When the Guelph General Hospital was organized and opened in 1875, he
was made chairman of the board of directors, which position he still
holds. Mr. Elliott is a Reformer, and quite an influential member of
that party, having been for some time, president of the Reform
Association for the South Riding of Wellington. He is also president of
the St. George’s Society, Guelph. In religion, he is a member of the
Church of England, was warden of St. George’s Church, Guelph, for
several years, and is a continuous lay delegate to the Diocese of
Niagara, and also to the Provincial Synod which meets at Montreal. He is
a prominent member of these bodies, and takes a very active part in the
proceedings and discussions. Mr. Elliott is an efficient and able
speaker on public matters, and a clear writer on questions of a
financial and public interest. He was a member of the building
committee, and treasurer, when the St. George’s magnificent house of
worship was erected, and continues to be indefatigable in church and
other work. The poor find a warm friend in Mr. Elliott, and his equally
benevolent wife, and his sister, who resides with him. His residence,
“Vinehurst,” on the Paisley street hill, is one of the most sightly and
pleasant homes in the young and beautiful city of Guelph.
* * * * *
=Ives, Hubert Root=, Montreal, was born in the town of Farmington,
Hartford county, state of Connecticut, United States, on the 15th
September, 1833. His father was at one time a prominent farmer and
breeder of full-blooded stock. In the same county also for a number of
years he held the responsible position of judge of probate in the town
of Farmington, and on resigning the office he removed to New Haven,
Connecticut, when he entered into the manufacture of hardware, and
became after a short time one of the most successful manufacturers of
that busy city.
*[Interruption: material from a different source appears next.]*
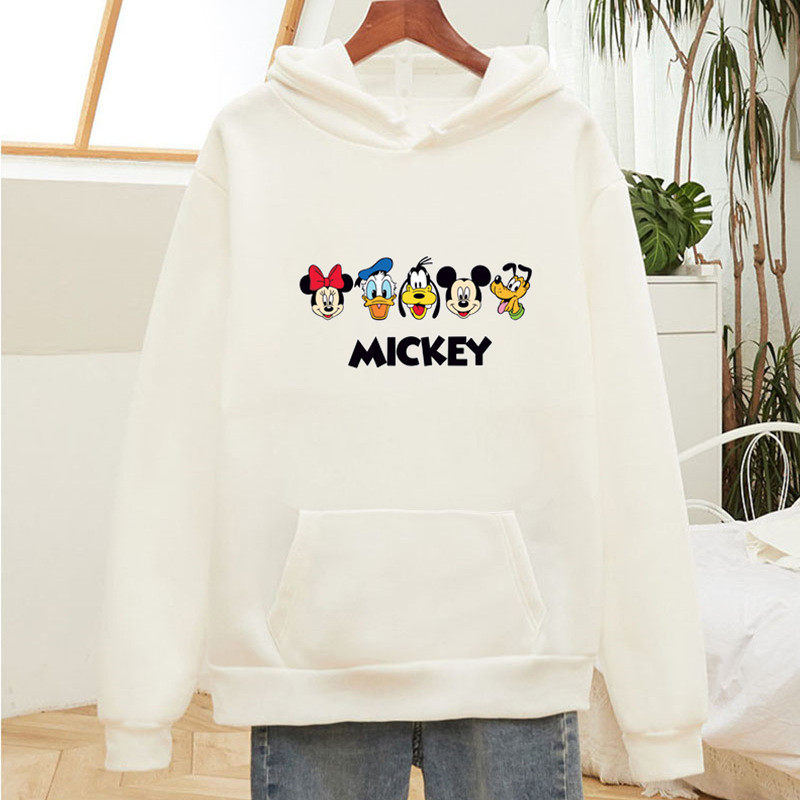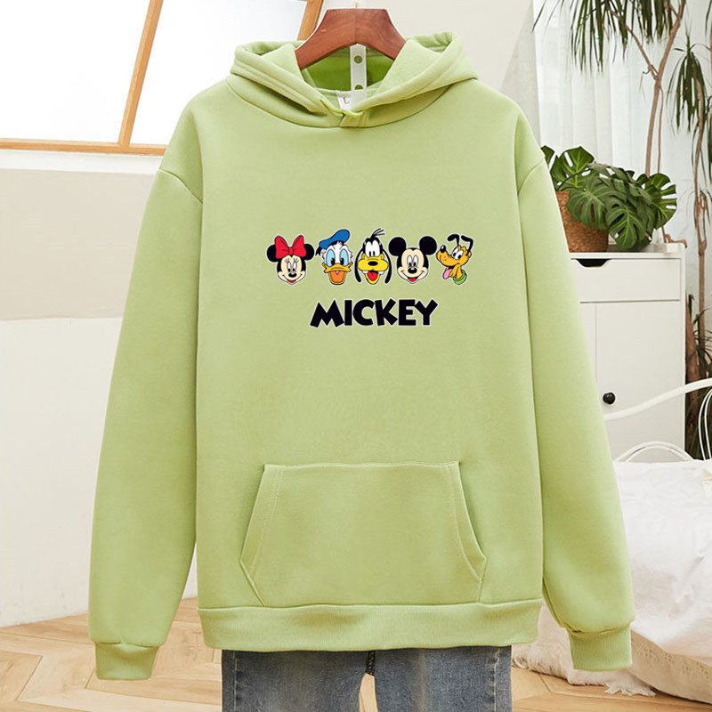 米奇连帽卫衣女2022秋冬新款韩版加绒加厚大码百搭套头上衣潮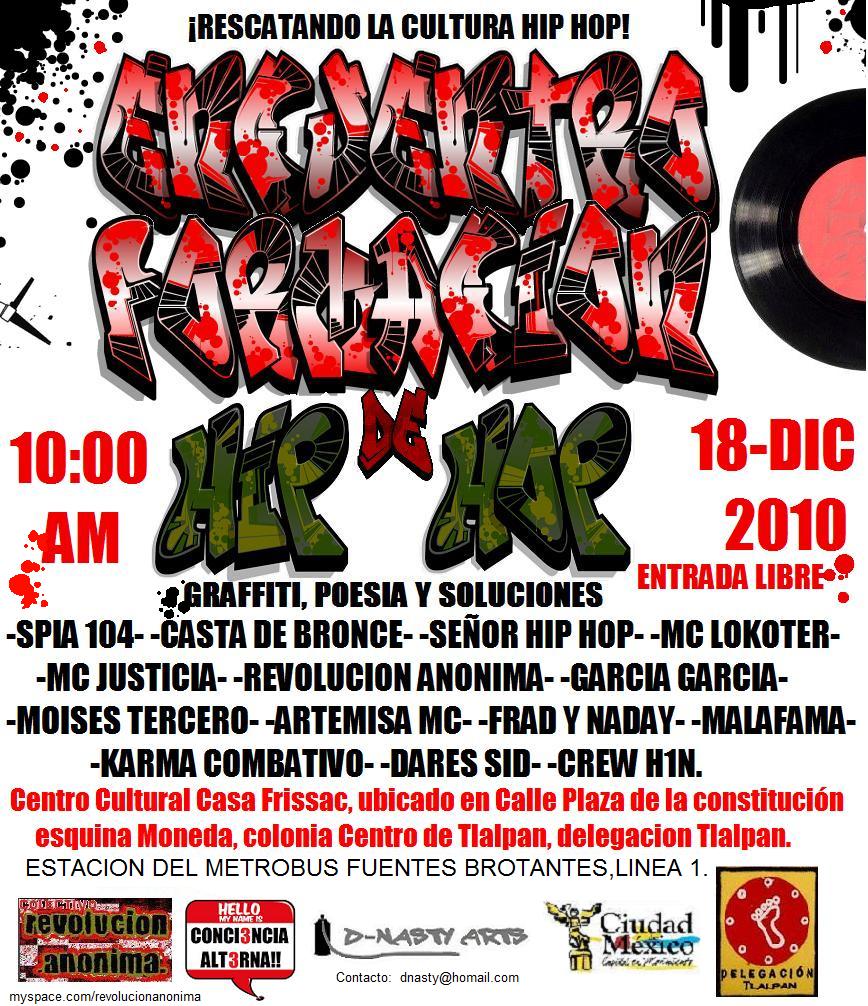 Encuentro formación de hip hop – 2010 December 18, 2010 1 min read by MazPlata Archivo de Eventos Previous Justiniani | Mi versión de los hechos – 18 diciembre 2010 Next Valle de Chalco | 19 diciembre 2010

Mr. Ives received his early education at the Hopkins
Grammer School, New Haven, Conn., where he received a full classical
course, after which, unlike most young men, he took a full and complete
commercial training, which fitted him in after life for the large and
various experiences that he passed through as a manufacturer. After
leaving school, young Ives was sent on a lengthy tour through the United
States and Canada, with the object of selecting a suitable place wherein
he could build up for himself a name worthy to be looked upon with
respect and admiration by those who were to follow after him. In 1856
Mr. Ives also travelled extensively over the continent of Europe,
visiting all the capital cities of renown. In 1859 he settled in
Montreal, and became the founder of the large business now carried on by
the firm of H. R. Ives & Co., one of the largest in Canada. The firm,
then known as Ives & Allen, was the first to establish a foundry and
hardware manufactory in Canada, in which was manufactured small
hardware, and the obstacles to be overcome, in order to find a market in
a young country for their productions were very great, but eventually
the perseverance which has ever characterized Mr. Ives, soon prevailed,
and the new venture proved a great success. In the year 1868 he still
further enlarged the firm’s operations by the manufacture of stoves, and
this branch is now a leading feature of their business. The quality of
the work turned out by the firm speaks as a sample of the firm’s work.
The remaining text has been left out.